About this exercise: Word for word, transcribe the lines below and drop the pictures.

Input material:
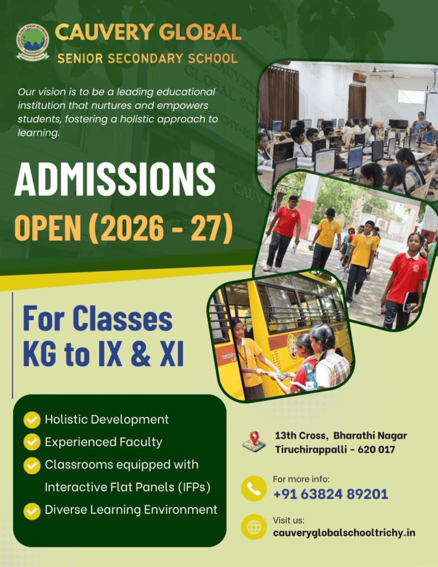 Welcome to Cauvery Global Senior Secondary School, an esteemed institution managed by the Reddy Educational Trust. Our school, established in 2012, and affiliated with the CBSE is dedicated to providing a nurturing environment for students from primary to Senior Secondary School, with a focus on holistic development. Affiliated with the Central Board of Secondary Education (CBSE)...
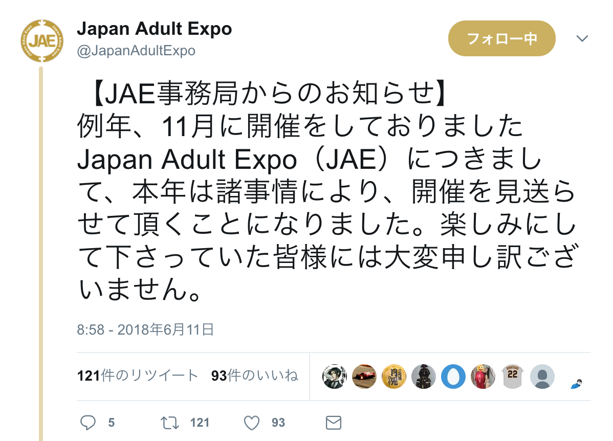 JAE(日本成人博覽會)的官方twitter在今天宣布,因為「諸多因素」所以今年不會舉辦活動,至於替代方案嘛…目前也還在研究,總之,先把今年的活動取消再說~
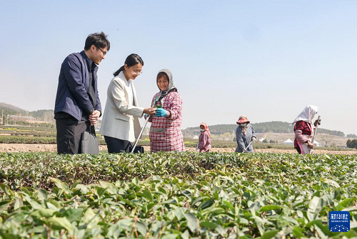 3月26日,山東省日照市紀(jì)檢監(jiān)察干部在嵐山區(qū)巨峰鎮(zhèn)向茶農(nóng)了解相關(guān)情況。(新華社發(fā) 朱元理 攝)
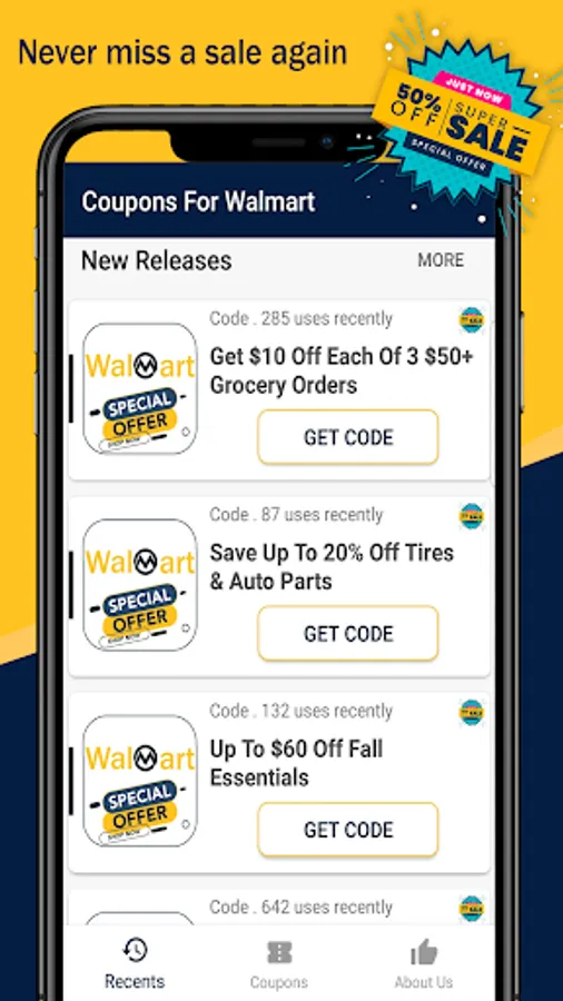 Enjoy the Walmart coupons app are published once Walmart announces a new discount code for a specified category or brand or a sitewide purchase.
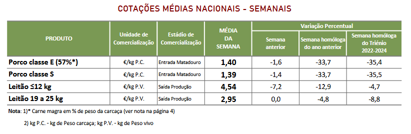 Descida das cotações médias nacionais do porco classe E e classe S, em 0,02 €/kg, e do leitão <12 kg, em 0,35 €/kg. Manutenção da cotação média
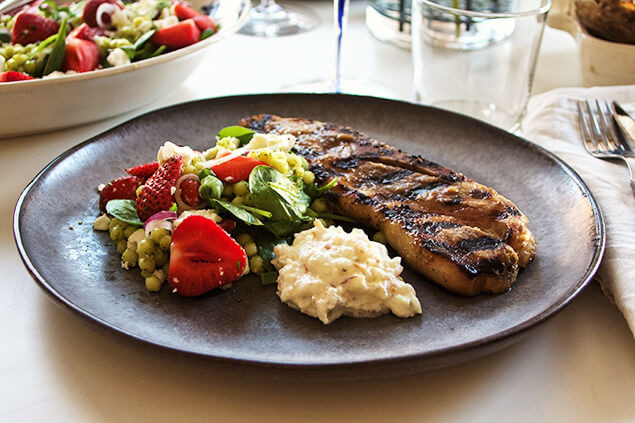 Äppelmarinerade bogbladskotletter med äppeltzatziki och pärlcouscoussallad
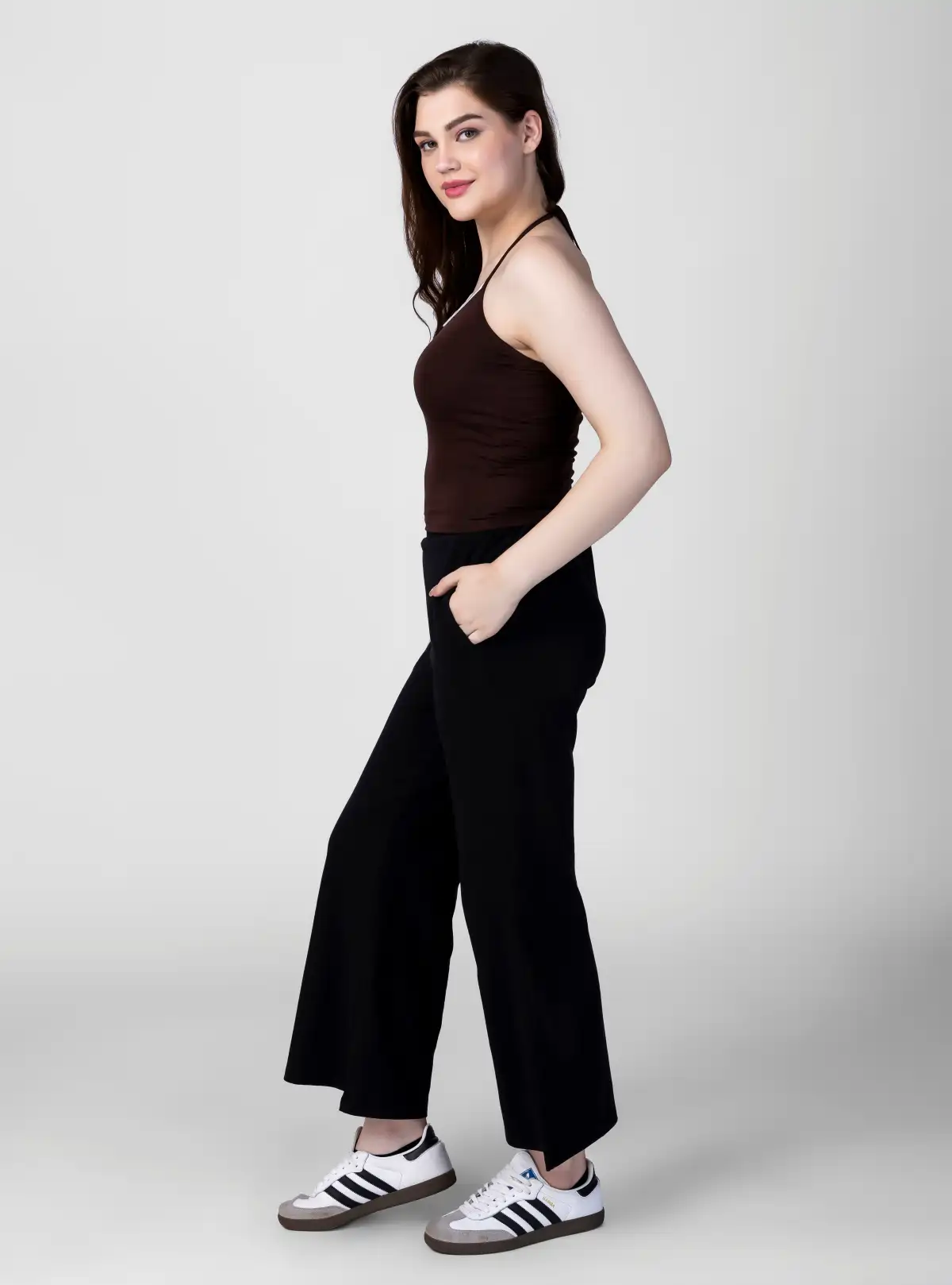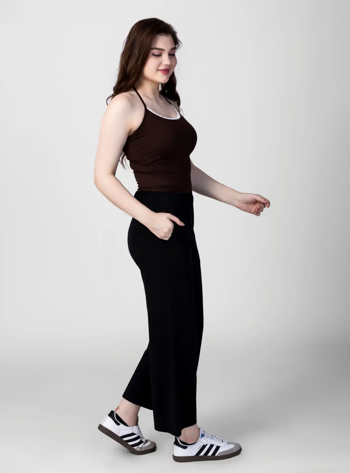 Make a statement with this backless cami crop top in rich brown, designed for maximum comfort and style. Crafted from 97% cotton and 3% lycra, its 180 GSM fabric ensures a lightweight feel with just the right stretch for a flawless fit.

Answer to this problem:
 Welcome to Cauvery Global Senior Secondary School, an esteemed institution managed by the Reddy Educational Trust. Our school, established in 2012, and affiliated with the CBSE is dedicated to providing a nurturing environment for students from primary to Senior Secondary School, with a focus on holistic development. Affiliated with the Central Board of Secondary Education (CBSE)...
 JAE(日本成人博覽會)的官方twitter在今天宣布,因為「諸多因素」所以今年不會舉辦活動,至於替代方案嘛…目前也還在研究,總之,先把今年的活動取消再說~
 3月26日,山東省日照市紀(jì)檢監(jiān)察干部在嵐山區(qū)巨峰鎮(zhèn)向茶農(nóng)了解相關(guān)情況。(新華社發(fā) 朱元理 攝)
 Enjoy the Walmart coupons app are published once Walmart announces a new discount code for a specified category or brand or a sitewide purchase.
 Descida das cotações médias nacionais do porco classe E e classe S, em 0,02 €/kg, e do leitão <12 kg, em 0,35 €/kg. Manutenção da cotação média
 Äppelmarinerade bogbladskotletter med äppeltzatziki och pärlcouscoussallad
 Make a statement with this backless cami crop top in rich brown, designed for maximum comfort and style. Crafted from 97% cotton and 3% lycra, its 180 GSM fabric ensures a lightweight feel with just the right stretch for a flawless fit.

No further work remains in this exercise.